• _REQUIREMENT_: Omitting all images, set down every line below exactly as it appears.
RECORD SET Block Start
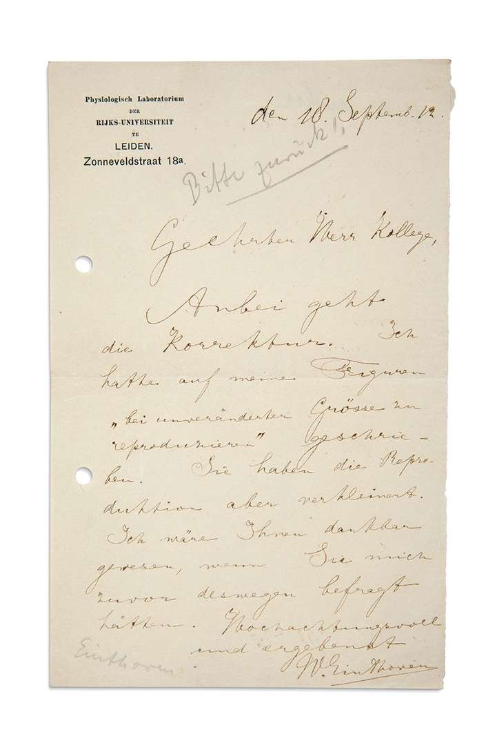L.A.S. «W. Einthoven », Leiden 18 septembre 1912, à un collègue | 1 page in-8 à en-tête Physiologisch Laboratorium der Rijks-Universiteit te Leiden (trous de classeur) | en allemand.
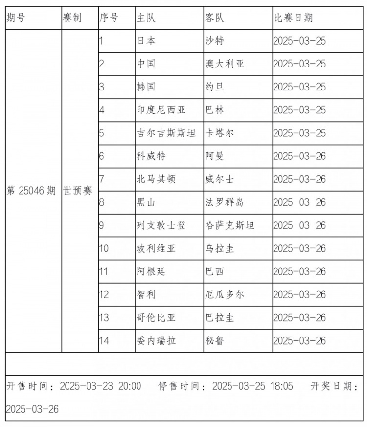 傳足勝負彩第25046期競猜賽事為亞洲區(qū)、歐洲區(qū)和南美區(qū)的世界杯預選賽。本期,亞洲區(qū)中國、日本和韓國東亞三強將分別在主場對陣澳大利亞、沙特和約旦,南美區(qū)則迎來阿根廷VS巴西的重頭戲。
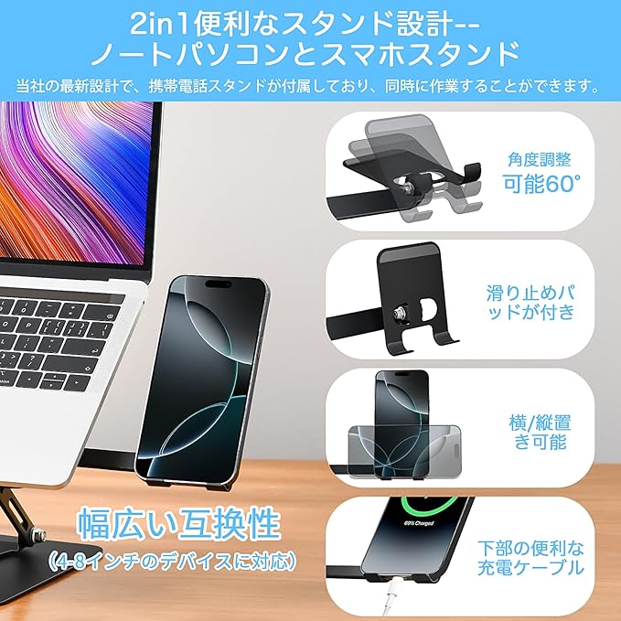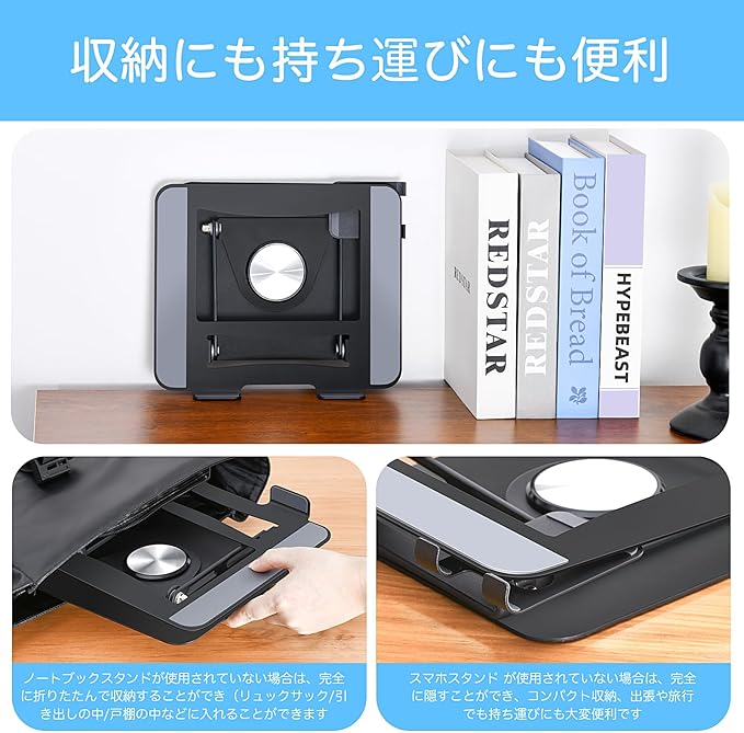 収納に便利:パソコン スタンドは折り畳み式で、携帯スタンドもすっぽり折りたたんで収納できます。収納や持ち運びにも便利です。オフィス、自宅、外出先など、さまざまなシーンで活躍します
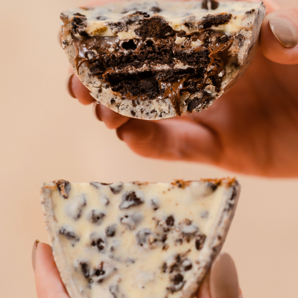 Casquinha de chocolate branco, recheado com Oreo e Nutella pura. Peso médio 80g.
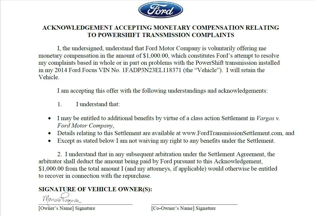 The Ford motor company propomised on December 12, 2022 to make a one time payment of $1,000.00 as a goodwill gesture for not having aTCM (Transmission Control Module) to fix an issue with our Ford Focus whcih had been occuring for the past nine months, during which time the car was completely unusable, but then reneged on the pormise. The car was still fully covered under warranty and the company has refused to return any attempts on our part to communicate with them.
RECORD SET Block End
• _EXERCISE RESULT_:
L.A.S. «W. Einthoven », Leiden 18 septembre 1912, à un collègue | 1 page in-8 à en-tête Physiologisch Laboratorium der Rijks-Universiteit te Leiden (trous de classeur) | en allemand.
 傳足勝負彩第25046期競猜賽事為亞洲區(qū)、歐洲區(qū)和南美區(qū)的世界杯預選賽。本期,亞洲區(qū)中國、日本和韓國東亞三強將分別在主場對陣澳大利亞、沙特和約旦,南美區(qū)則迎來阿根廷VS巴西的重頭戲。
 収納に便利:パソコン スタンドは折り畳み式で、携帯スタンドもすっぽり折りたたんで収納できます。収納や持ち運びにも便利です。オフィス、自宅、外出先など、さまざまなシーンで活躍します
 Casquinha de chocolate branco, recheado com Oreo e Nutella pura. Peso médio 80g.
 The Ford motor company propomised on December 12, 2022 to make a one time payment of $1,000.00 as a goodwill gesture for not having aTCM (Transmission Control Module) to fix an issue with our Ford Focus whcih had been occuring for the past nine months, during which time the car was completely unusable, but then reneged on the pormise. The car was still fully covered under warranty and the company has refused to return any attempts on our part to communicate with them.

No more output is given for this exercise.